After testing over 30 nitrogen compounds with sulfuric acid, the scientists confirmed that ionic liquids reliably form under a wide range of conditions—even on basalt rocks similar to those on planetary surfaces.
“We were just astonished that the ionic liquid forms under so many different conditions,” Seager said. “If you put the sulfuric acid and the organic on a rock, the excess acid seeps into the pores, but you’re still left with a drop of ionic liquid. Whatever we tried, ionic liquid still formed.”
Their experiments showed that this process happens up to 180°C and at pressures far below Earth’s, broadening the realm of possible habitable worlds.
New oases in the universe
Imagine a rocky world, hotter than Earth, where volcanic sulfuric acid flows over pockets of organic matter—ingredients for life scattered across the solar system.
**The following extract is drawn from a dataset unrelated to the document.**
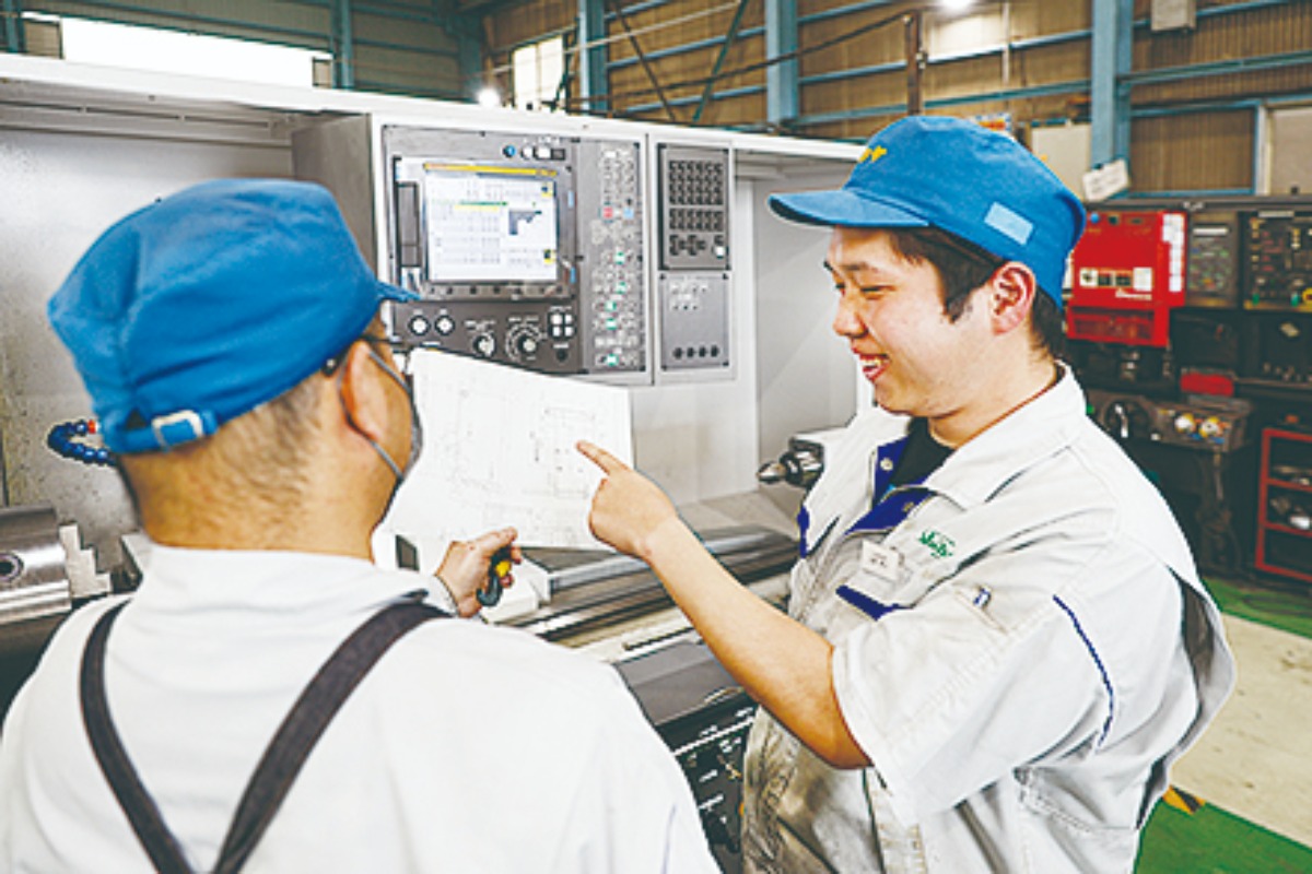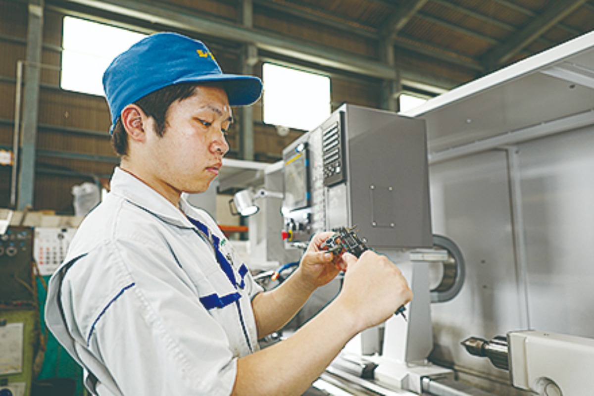 「部品製作のプログラミングから機械操作まで、様々な工程を一人で担当することも多いんです」と、やり甲斐を語る近藤さん。特に巻き込み事故は絶対に起こさないよう厳重に注意しています。『ちょっとならいいかな』の気持ちは重大事故の元。気になる所がある際は、必ず機械の稼働を止めて修正や対応をします」と安全意識の高さを見せる。
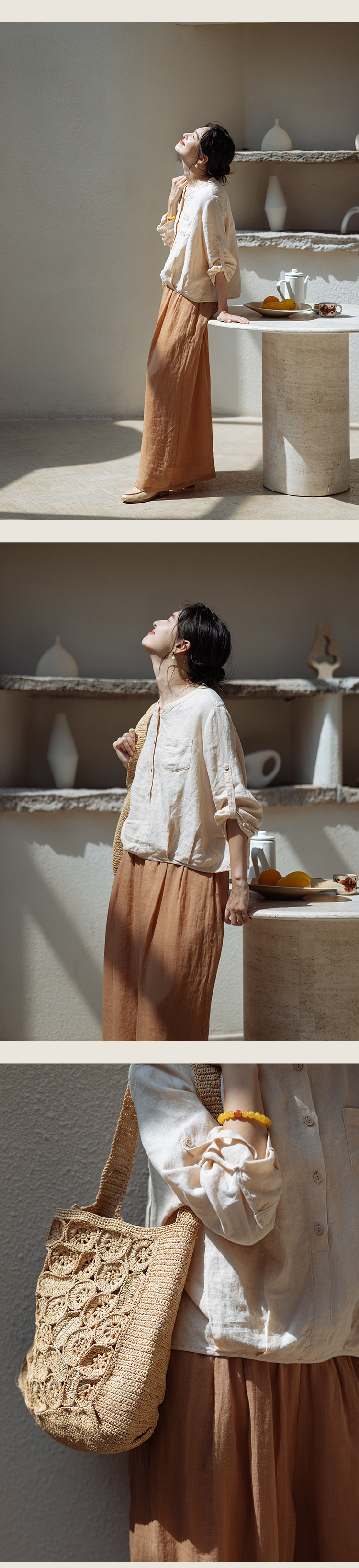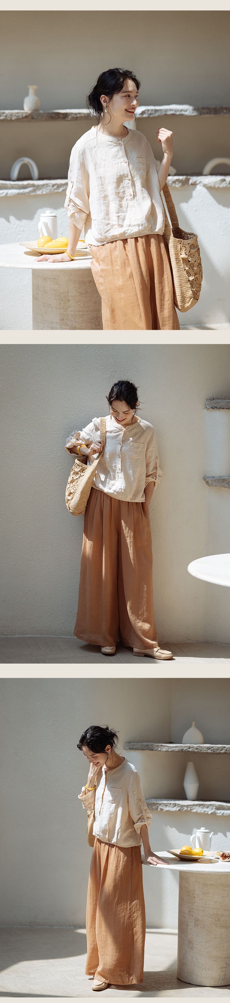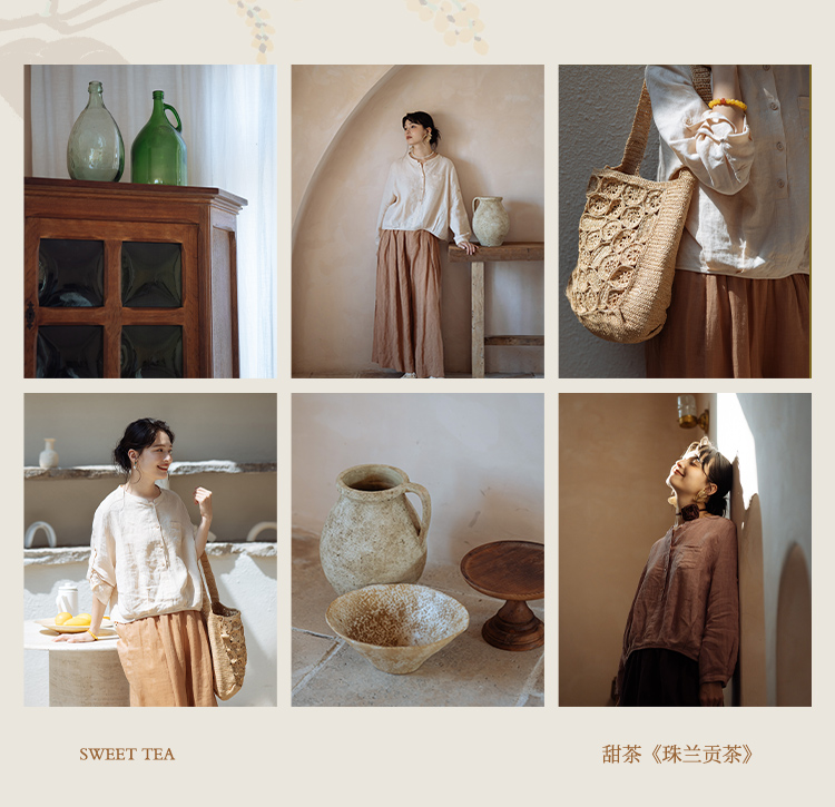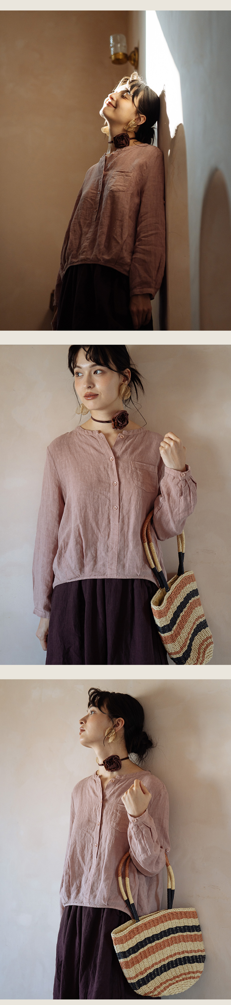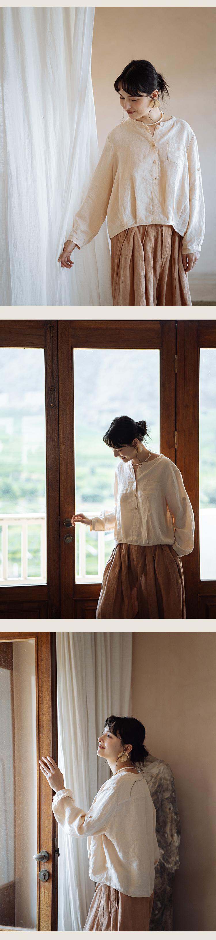 绽放632朵【甜茶系列】肉桂色干洗亚麻夏季长袖衬衣小衫

According to Dr. Seager, these spots could become long-lived pools of ionic liquid, tiny oases for simple, exotic life forms.
“We’re envisioning a planet warmer than Earth, that doesn’t have water, and at some point in its past or currently, it has to have had sulfuric acid, formed from volcanic outgassing,” Seager explained. “This sulfuric acid has to flow over a little pocket of organics. And organic deposits are extremely common in the solar system.”
Just how far could this discovery go? The team says much more work lies ahead. They will now focus on what kinds of molecules—and what forms of life—could actually flourish in these unearthly environments.
“We just opened up a Pandora’s box of new research,” Seager said. “It’s been a real journey.”
Contributors to the study include: MIT scientists Sara Seager, Rachana Agrawal, Iaroslav Iakubivskyi, Weston Buchanan, Ana Glidden, Jingcheng Huang; Maxwell Seager (Worcester Polytechnic Institute); William Bains (Cardiff University); Janusz Petkowski (Wroclaw University of Science and Technology).